• _Task to complete_
From first line to last, transcribe the listing exactly and skip any image.
*** Opening of Information ***
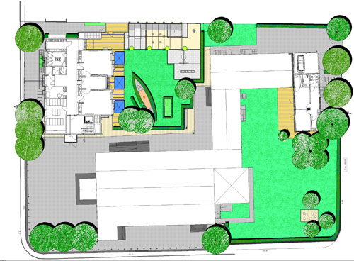 Der zweigruppige Kindergarten "Zu den heiligen 14-Nothelfern" befindet sich im Erdgeschoß des Pfarrheimes. Ihm ist auch der Freibereich zugeordnet, der aus einer großen zentralen Spielwiese und randlich angeordneten Spielgeräten besteht. Eine Spielwand mit Gerätehaus steht direkt an der Grenze zum Nachbarn. Ein Spielschiff mit Heckeneinfassung bietet labyrinthartige Strukturen zum Verstecken. Der neue Seniorenpavillion wurde in den Pfarrgarten integriert. Seine randliche Lage läßt die große Wiesenfläche weitgehend unberührt.
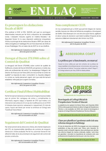 Entrevista a Alfredo Sanz Corma, nou president del CGATE L’eficiència energètica, assignatura pendent de l’administració El sector hoteler considera importants els arquitectes tècnics Edificis singulars: Vallmoll dóna vida al seu castell Dades de síntesi de la construcció 2017
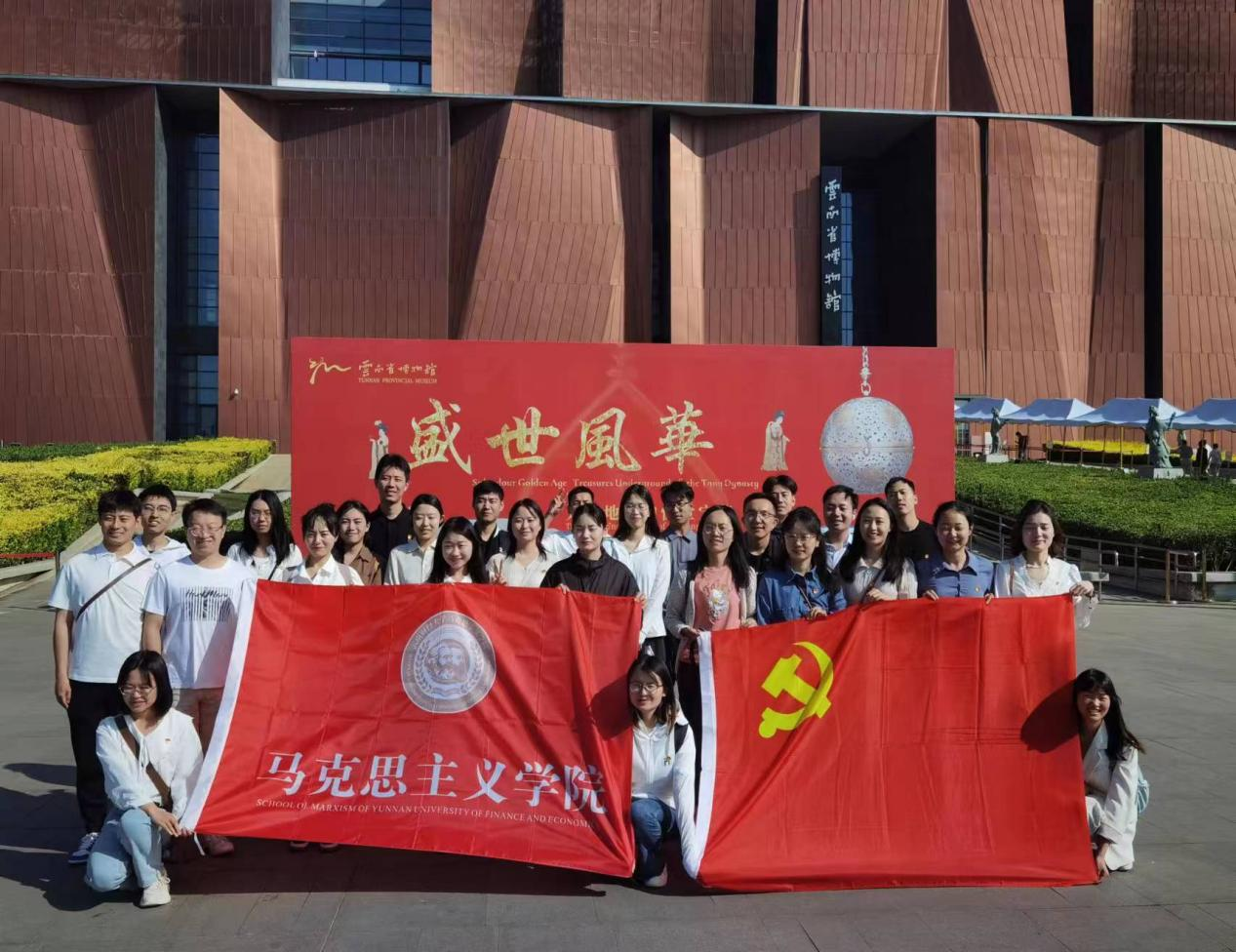 2023年5月19日上午九时,马克思主义学院学生党支部组织党员同志前往云南省博物馆进行参观学习,开展了“追忆千古文明,牢记初心使命”的主题党日活动。学生党支部共16名党员参加了此次主题党日活动。
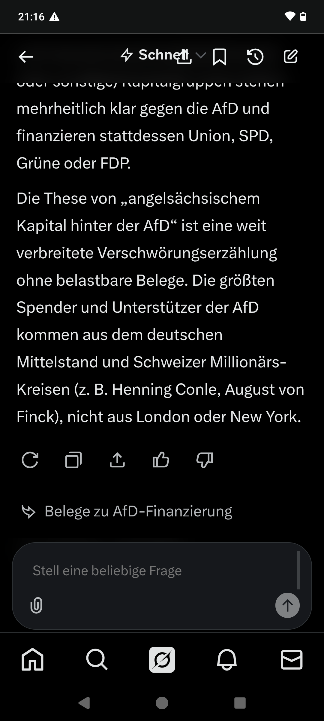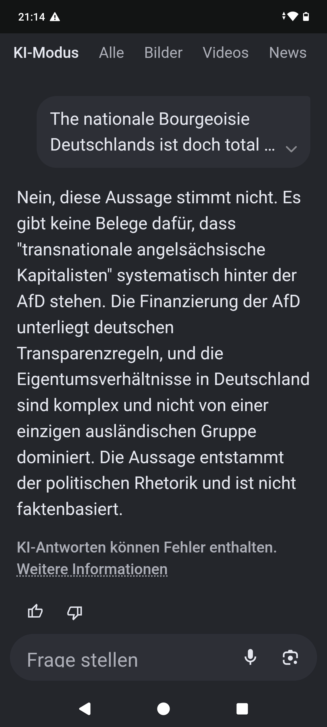 >>2580349Weil die KI Schwachsinn labert? Musk, der bis vor kurzem der reichste Mann der Welt war ist einer der größten und bekennsten Unterstützter der AfD und die KI behauptet, dass sein eine Verschwörungstheorie, obwohl Musk selbst darüber tweetet.
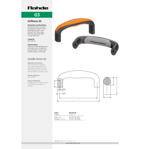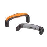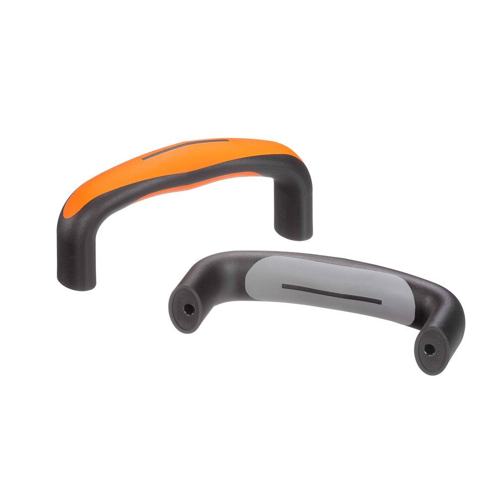 Hard component made of black heavy duty polyamide PA 6, glass ball reinforced, matt with fine structure. Soft component made of SEBS, basalt grey RAL 7012.
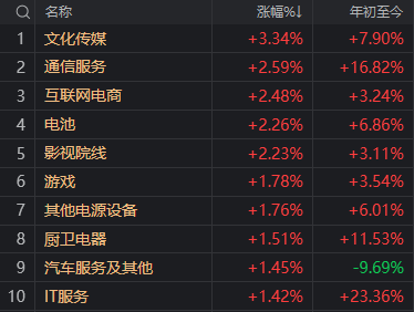 全天来看,文化传媒方向始终维持领涨地位,影视院线、短剧游戏、AI等概念涨幅居前。
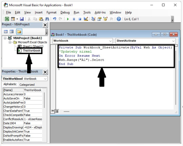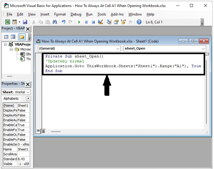本教程將幫助您瞭解我們如何始終在單元格 A1 開啟工作簿。這裡我們將有兩個部分:首先,程式碼將適用於整個工作簿,第二部分將僅適用於工作簿中的指定工作表。
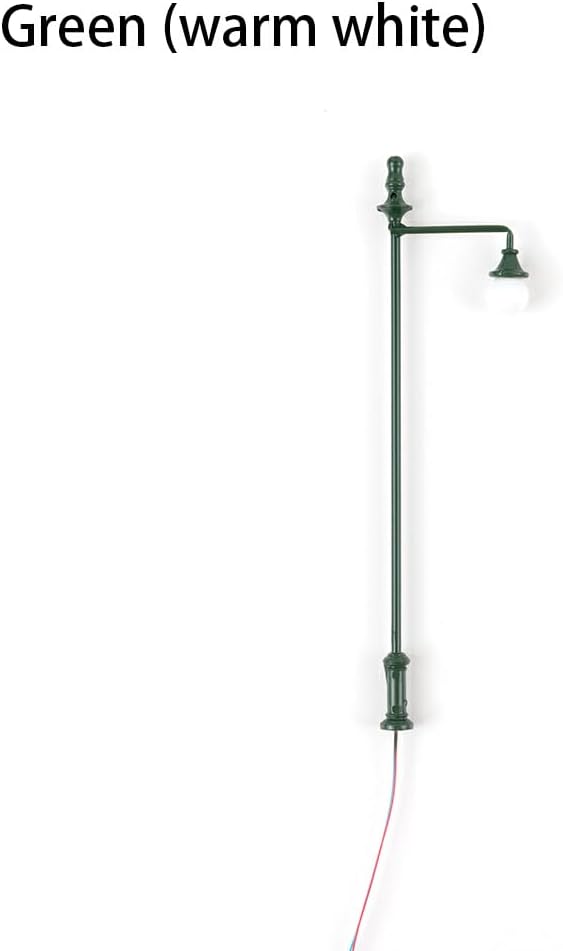 Materiale premium: il lampione in miniatura sceglie metallo e ABS di prima qualità, che godono di una buona durata Set di accessori: la mini lampada viene fornita con cavi e lampadine, che sono comodi da usare e da illuminare Dettagli fini: la lampada in miniatura è di piccole dimensioni e presenta pregevole fattura e dettagli squisiti Luce soffusa: il lampione ha un'illuminazione morbida che non abbaglia e può proteggere i tuoi occhi Ampiamente usato: la lampada è adatta per decorare strade, treni, edifici, giardini, muschi, parchi e strutture ferroviarie
*** Close of Information ***
• _Result of the exercise_
 Der zweigruppige Kindergarten "Zu den heiligen 14-Nothelfern" befindet sich im Erdgeschoß des Pfarrheimes. Ihm ist auch der Freibereich zugeordnet, der aus einer großen zentralen Spielwiese und randlich angeordneten Spielgeräten besteht. Eine Spielwand mit Gerätehaus steht direkt an der Grenze zum Nachbarn. Ein Spielschiff mit Heckeneinfassung bietet labyrinthartige Strukturen zum Verstecken. Der neue Seniorenpavillion wurde in den Pfarrgarten integriert. Seine randliche Lage läßt die große Wiesenfläche weitgehend unberührt.
 Entrevista a Alfredo Sanz Corma, nou president del CGATE L’eficiència energètica, assignatura pendent de l’administració El sector hoteler considera importants els arquitectes tècnics Edificis singulars: Vallmoll dóna vida al seu castell Dades de síntesi de la construcció 2017
 2023年5月19日上午九时,马克思主义学院学生党支部组织党员同志前往云南省博物馆进行参观学习,开展了“追忆千古文明,牢记初心使命”的主题党日活动。学生党支部共16名党员参加了此次主题党日活动。
 >>2580349Weil die KI Schwachsinn labert? Musk, der bis vor kurzem der reichste Mann der Welt war ist einer der größten und bekennsten Unterstützter der AfD und die KI behauptet, dass sein eine Verschwörungstheorie, obwohl Musk selbst darüber tweetet.
 Hard component made of black heavy duty polyamide PA 6, glass ball reinforced, matt with fine structure. Soft component made of SEBS, basalt grey RAL 7012.
 全天来看,文化传媒方向始终维持领涨地位,影视院线、短剧游戏、AI等概念涨幅居前。
本教程將幫助您瞭解我們如何始終在單元格 A1 開啟工作簿。這裡我們將有兩個部分:首先,程式碼將適用於整個工作簿,第二部分將僅適用於工作簿中的指定工作表。
 Materiale premium: il lampione in miniatura sceglie metallo e ABS di prima qualità, che godono di una buona durata Set di accessori: la mini lampada viene fornita con cavi e lampadine, che sono comodi da usare e da illuminare Dettagli fini: la lampada in miniatura è di piccole dimensioni e presenta pregevole fattura e dettagli squisiti Luce soffusa: il lampione ha un'illuminazione morbida che non abbaglia e può proteggere i tuoi occhi Ampiamente usato: la lampada è adatta per decorare strade, treni, edifici, giardini, muschi, parchi e strutture ferroviarie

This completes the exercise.